Here's the huge mistake the media makes about the Democratic primary — and how it messes with our heads
Host in cable TV studio. Shutterstock/ Eldar Nurkovic

Disclosure: While AlterNet doesn’t endorse candidates, I personally support Elizabeth Warren.  

Throughout the 2020 primaries, there's been one consistent finding across all public opinion surveys, regardless of who conducts them and how they word the question: Large majorities of Democratic voters put a higher priority on choosing a candidate who can beat Trump than one whose policy ideas they support or who is aligned with them ideologically.

We've also seen that a lot of voters have remained undecided or picked a candidate but said they'd be open to switching their support until the last minute before casting their vote. Put these dynamics together and you get a primary electorate that is scared witless of Donald Trump getting a second term and desperately trying to figure out which candidate would be best positioned to avert that catastrophe.

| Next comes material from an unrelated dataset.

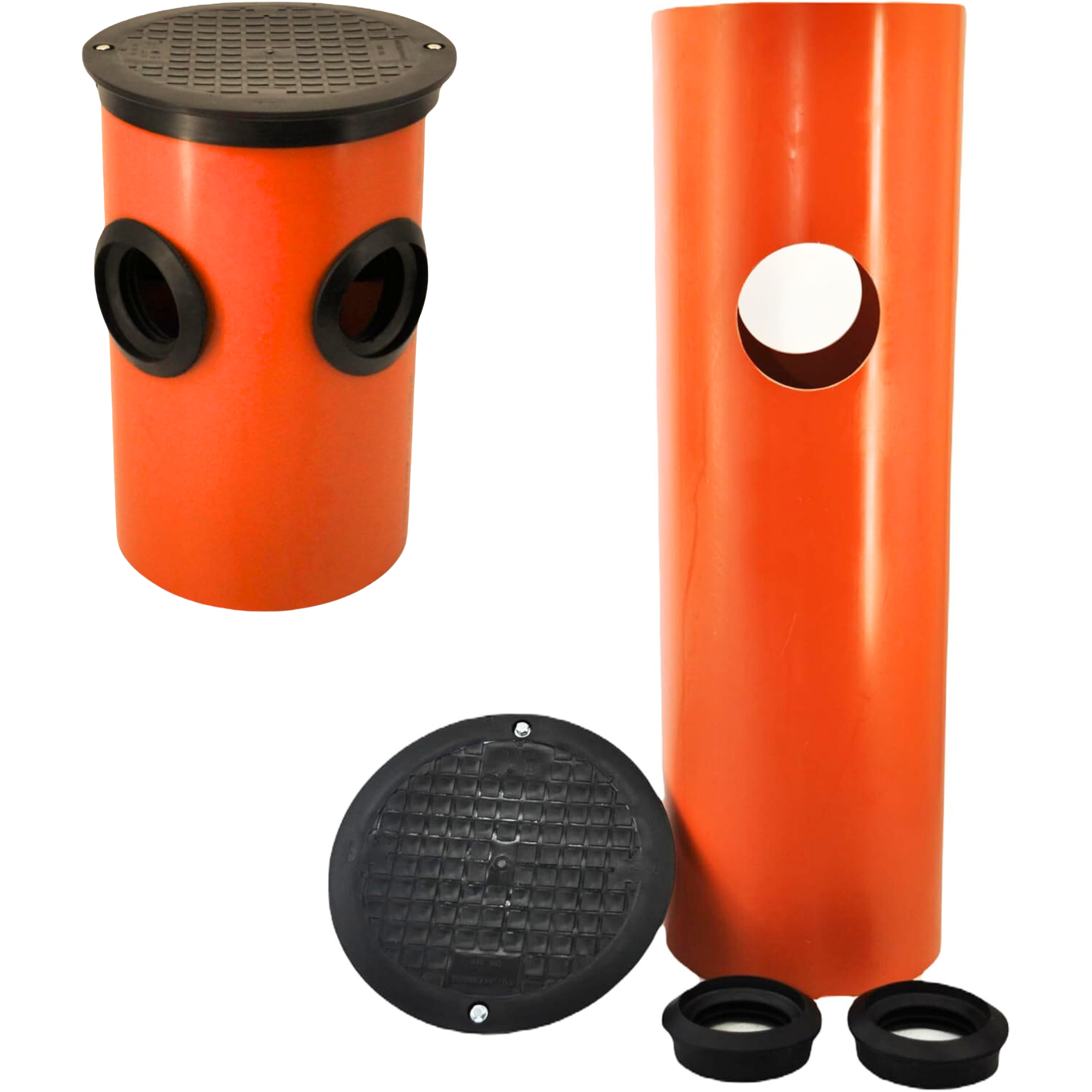 Megaastore KG Rohr Abwasserrohr DN315 0,5m-1m mit 1/2/3/4 Anschluss DN110/DN160 Manschette Drainageschacht Deckel Sickerschacht KG Schacht Kontrollschacht

Some believe that winning back those much-discussed white working class Obama-to-Trump voters is the key to victory and only a moderate white guy like Joe Biden or Mike bloomberg can get that done. Others are convinced that Bernie Sanders would energize young people and bring non-voters out to the polls in huge numbers and he'd ride that wave to the White House. Still others see party unity as the key to beating Trump and think Elizabeth Warren is the candidate who can bring the parties' various factions together.

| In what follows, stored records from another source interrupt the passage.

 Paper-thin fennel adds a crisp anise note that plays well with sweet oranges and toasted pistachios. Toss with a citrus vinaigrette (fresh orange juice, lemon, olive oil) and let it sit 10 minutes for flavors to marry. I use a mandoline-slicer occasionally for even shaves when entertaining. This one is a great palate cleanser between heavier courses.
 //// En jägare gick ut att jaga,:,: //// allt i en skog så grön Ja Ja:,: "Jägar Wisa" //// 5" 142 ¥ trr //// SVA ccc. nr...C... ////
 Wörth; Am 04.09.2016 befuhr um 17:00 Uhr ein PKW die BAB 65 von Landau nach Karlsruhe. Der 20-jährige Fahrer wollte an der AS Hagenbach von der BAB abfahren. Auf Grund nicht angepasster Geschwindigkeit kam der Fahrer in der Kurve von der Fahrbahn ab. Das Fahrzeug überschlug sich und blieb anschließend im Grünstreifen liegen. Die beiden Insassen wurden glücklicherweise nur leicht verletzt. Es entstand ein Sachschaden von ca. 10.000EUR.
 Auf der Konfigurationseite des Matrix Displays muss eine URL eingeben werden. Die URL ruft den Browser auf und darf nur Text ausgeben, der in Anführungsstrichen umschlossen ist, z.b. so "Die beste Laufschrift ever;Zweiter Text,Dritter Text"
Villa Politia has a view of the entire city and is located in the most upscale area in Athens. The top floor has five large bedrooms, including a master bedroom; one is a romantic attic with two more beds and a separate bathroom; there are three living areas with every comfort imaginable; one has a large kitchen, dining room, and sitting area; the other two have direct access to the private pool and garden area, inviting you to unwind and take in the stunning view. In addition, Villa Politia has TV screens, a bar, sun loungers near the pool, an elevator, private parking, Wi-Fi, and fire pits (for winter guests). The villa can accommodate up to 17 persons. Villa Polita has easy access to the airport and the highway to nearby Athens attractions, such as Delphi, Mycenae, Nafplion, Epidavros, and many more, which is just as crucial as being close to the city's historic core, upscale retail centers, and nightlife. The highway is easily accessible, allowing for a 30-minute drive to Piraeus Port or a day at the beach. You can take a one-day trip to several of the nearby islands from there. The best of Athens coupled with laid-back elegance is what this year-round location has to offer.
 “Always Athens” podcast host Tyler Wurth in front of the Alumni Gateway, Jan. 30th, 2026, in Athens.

There are other obviously factors at play but that is the overarching story of the 2020 Democratic primaries and it is not one that lends itself to a lot of analysis. Future events are unknowable so who can say which theory is right?

More importantly, it's a dynamic that lacks conflict. Most of the Democratic coalition shares a similar goal and differs over how to achieve it.

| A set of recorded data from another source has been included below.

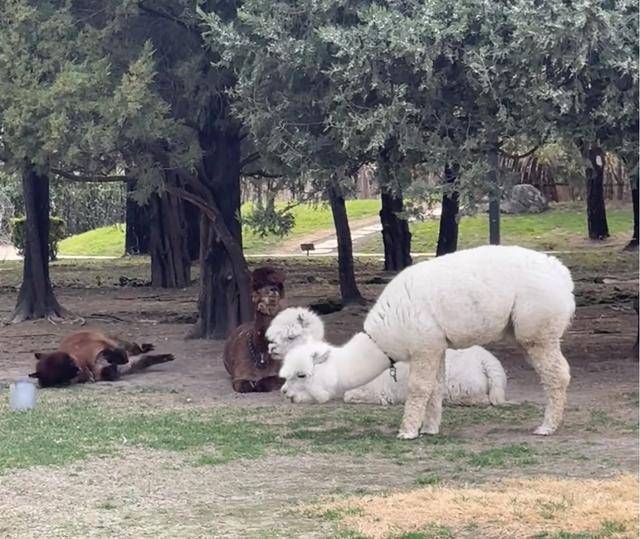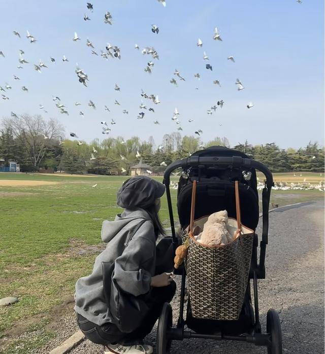 在户外庄园里,有羊驼和小马,天气晴好,适合踏青,还有成群的鸽子。何穗戴着帽子,身穿灰色外套搭配黑色牛仔裤,打扮休闲,宝宝坐在婴儿车里。看到鸽子飞过,她还指给儿子看,场面温馨而自然。
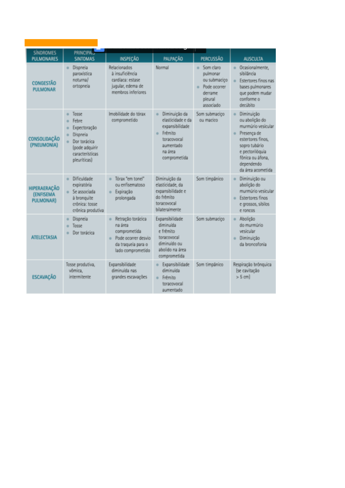 Tabela síndromes Pleuropulmonares: Síndromes pulmonares: Síndromes pleurais:
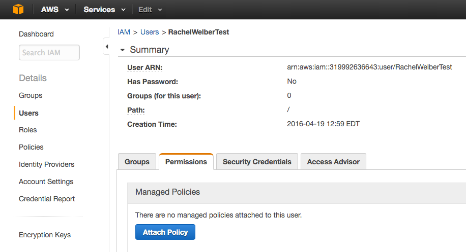 ステップ3:ポリシーをアタッチする
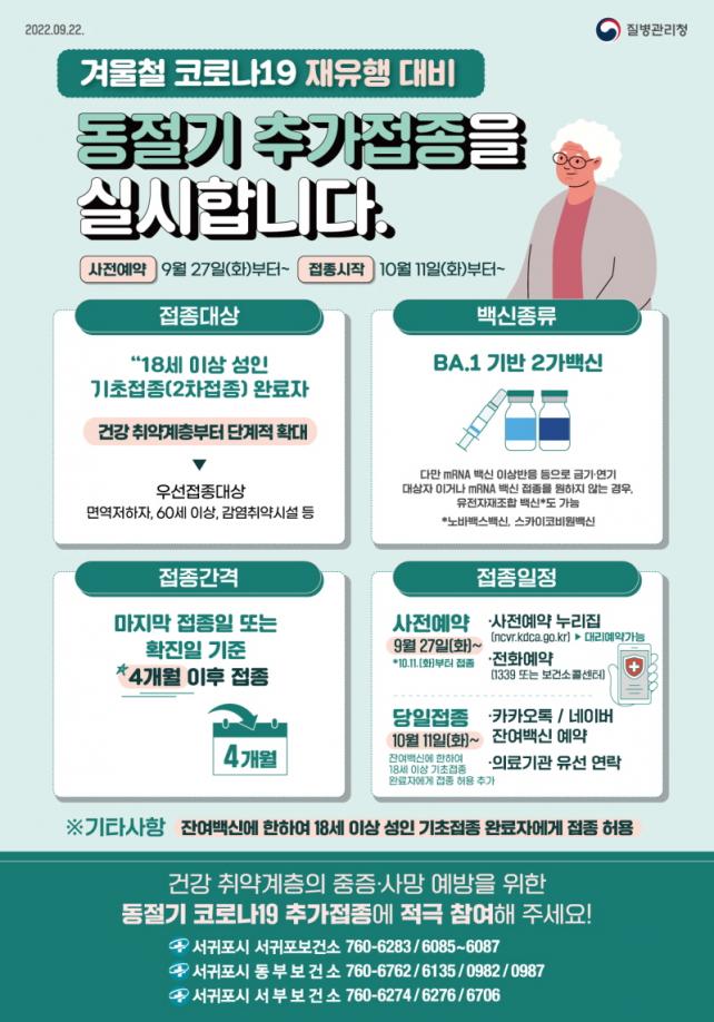9. 27.(È)ºÎÅÍ ÁøÇàµÆ´ø »çÀü¿¹¾à ´ë»óÀÚ(°¨¿°Ãë¾à½Ã¼³, ¸é¿ªÀúÇÏÀÚ, 60¼¼ ÀÌ»ó ¿¬·ÉÃþ)´Â ¿¹¾àÀÏÀÚ¿¡ ¸ÂÃç Á¢Á¾À» ½ÃÇàÇϸç, 10. 11.(È)ºÎÅÍ´Â 18~59¼¼ ±âÃÊÁ¢Á¾(2Â÷±îÁö) ÀÌ»ó ¿Ï·á ÈÄ 4°³¿ùÀÌ Áö³ ¼ºÀεµ ÁöÁ¤ º´¡¤ÀÇ¿ø¿¡¼ ÀÜ¿©¹é½ÅÀ» Ȱ¿ëÇÑ ´çÀÏÁ¢Á¾ÀÌ °¡´ÉÇÏ´Ù.

Conflict is central to good storytelling, whether it's fiction or real-world reporting, and sexier storylines abound. Sanders and his grassroots army clashing with the "establishment" in a battle for the heart and soul of the Democratic Party may be clichéd, but it's nonetheless a conflict that roils political junkies and very online activists. Candidates vying with each other to occupy various ideological "lanes" always provide some easy drama. Socialists duking it out with capitalists, different demographic groups pitted against one another and candidates fighting over the costs of progressive policies or whether to eliminate private insurance are all storylines that are ripe with intra-coalition tension.

I'm not suggesting those clashes are fabricated, but the data show that for most voters they take a back seat to the banal task of trying to figure out who's most likely to beat Trump.

Reporters, pundits and their editors have a clear incentive to focus on those kinds of storylines as if they're central to shaping voters' preferences and the keys to winning the nomination. They offer drama and earn clicks, viewers and listeners.

And that represents a yawning disconnect between what's really happening--a bunch of candidates trying to convince voters that they're the most electable--and the pundits' focus on factional, ideological and demographic conflicts that most voters don't care about or aren't even aware of.

Good analysis can't flow from bad assumptions, and this analytic gap explains the persistence of a lot of lazy media narratives about the 2020 primary contest.